It’s a seller’s dream getting multiple offers pouring in all at the same time. However, when it comes time to evaluate these offers and pick the best one, suddenly things become a lot more challenging.
Here are some guidelines to evaluating multiple offers so you wind up with the best one.
Which Buyers Are Pre-Approved?
When it comes to choosing from multiple offers on your house, the highest bidder isn’t necessarily the best choice. While you might see dollar signs when an extremely high bid comes in, this doesn’t mean that the deal will go through. Maybe the buyer will get cold feet and bail on you at the last minute before you have a chance to counter offer, or maybe they just don’t have the financial backing to support such a high offer.
The last thing you want to do is go with the highest bidder only to have to put your home back on the market because their financing fell through. By accepting an offer from a pre-approved buyer, you’ll be reassured that a mortgage lender has already agreed to cover the mortgage. Of course, a pre-approval isn’t necessarily a guarantee, but it places a lot more confidence in a buyer’s ability to secure a loan versus a buyer with no pre-approval.
If none of the bidders are pre-approved, you should get more detailed information about their finances, and set a time limit for them to apply for a loan before finalizing the purchase agreement.
Who’s Got the Biggest Deposit and Down Payment?
There are a bunch of factors to look at when evaluating the best offer. Of course, the offer price is a biggie. But there are also other things to look at, such as the size of the deposit and down payment. When it comes to the deposit, the bigger the better (obviously!). Buyers who put a fat deposit up front are showing that they’re serious about the house, and showing up with a deposit in the form of a certified check at the time of offer presentation is even more impressive. If they are unable to follow through with the agreement after your home has been sold firm, you keep that deposit amount.
A sizable down payment also shows the seriousness of the buyer. Anything from 20% and up signifies the real deal. At the end of the day, what you’re looking for are liquid assets; that is, those that are readily available, such as cash in the bank. This is much more attractive than ‘frozen’ assets which are funds that are tied up in investments and stocks, and not readily accessible.
Which Closing Date Jives With Your Needs?
Agreeing on a closing date that suits your needs is an important factor that goes into determining which offer to choose. Let’s say you’ve already bought a house, and you take possession of it next month. Ideally, you’d like a closing date in or around the date your new mortgage comes into effect. You might get an offer with a very attractive price, deposit and downpayment, but if they can’t close until four or five months down the road, you’ll have two mortgages to carry for a few months, which can be really costly.
On the other hand, let’s say you haven’t bought a house yet, or haven’t even started looking.
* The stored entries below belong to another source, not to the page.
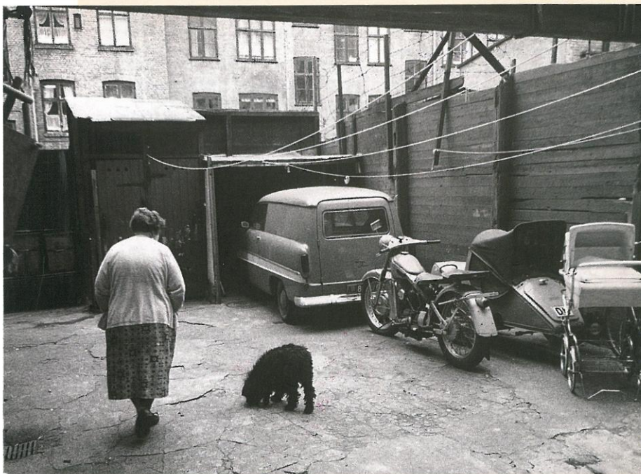
Københavns baggårdsmiljø, 1968.
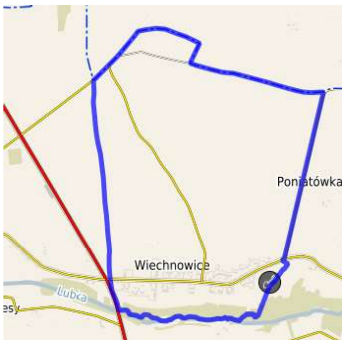
Rys. 1. Obręb miejscowości Wiechnowice

Z uwagi na swe położenie, czyste powietrze, pobliskie lasy, ciszę i spokój miejscowość świetnie spełnia warunki do zamieszkania z dala od zgiełku wielkich miast. Domy jednorodzinne wraz z budynkami gospodarczymi znajdują się w zwartej zabudowie osadniczej, jedynie pojedyncze gospodarstwa położone są w znacznej odległości od centrum wsi.
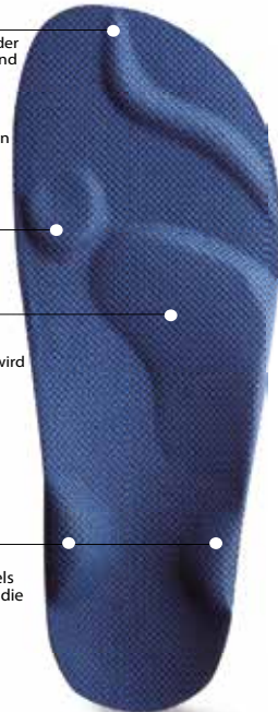
Abb. 20: Erläuterung Pelotten

Steuern die Ausrichtung des Rückfußes und des Sprunggelenks über die Schienbein- und seitliche Wadenmuskulatur. Durch Stimulierung des sogenannten muskulären Steigbügels wird die Muskelreaktionszeit und das Verletzungsrisiko im Sprunggelenk reduziert. Über die Fußreflexzonen wird die Beckenmuskulatur angesprochen.

An offer with a tight closing date won’t give you nearly enough time to find the right home, and take possession of it.
If the closing date comes before you’re ready to move out of your home, identify what the lender’s rent-back policy might be. A rent-back is the amount of time you’re allowed to remain in your house after the close of escrow. These time frames are usually 30 days, although some lenders might permit up to 60 days.
Use the Terms of Other Offers to Negotiate With Your Best Buyer
If you’ve got a few offers to look at, the prices might range from low-ballers to well over-asking. Obviously, the more offers you get, the more you have to work with. Once you’ve gone through all the terms of each offer and identified the ones that stand out above the rest, your real estate agent can go back to the buyers’ agents and tell them how many offers have been registered, and will let the top two buyers know that they are in the running to win the bidding war.
This will potentially make these buyers want the house even more, after which you could realistically squeeze a little more money out of them. If you’ve got a low-priced offer that has a quick closing and zero contingencies, your agent can leverage these terms with the higher-priced buyers. Taking all prices and terms of each offer and trying to get one buyer to give you the best of each can have you walking away with a very attractive deal.
A multiple offer scenario is a desirable spot to be in when you’re selling your home, but it can be a complicated one if you don’t have an experienced real estate agent helping you call the shots. A good Realtor who is familiar with all of these issues and can help you evaluate and pick the very best offer out of the bunch. When you’ve got more than one interested buyer coming in at the same time, you’re more likely to get the most favorable terms and conditions for a successful sale.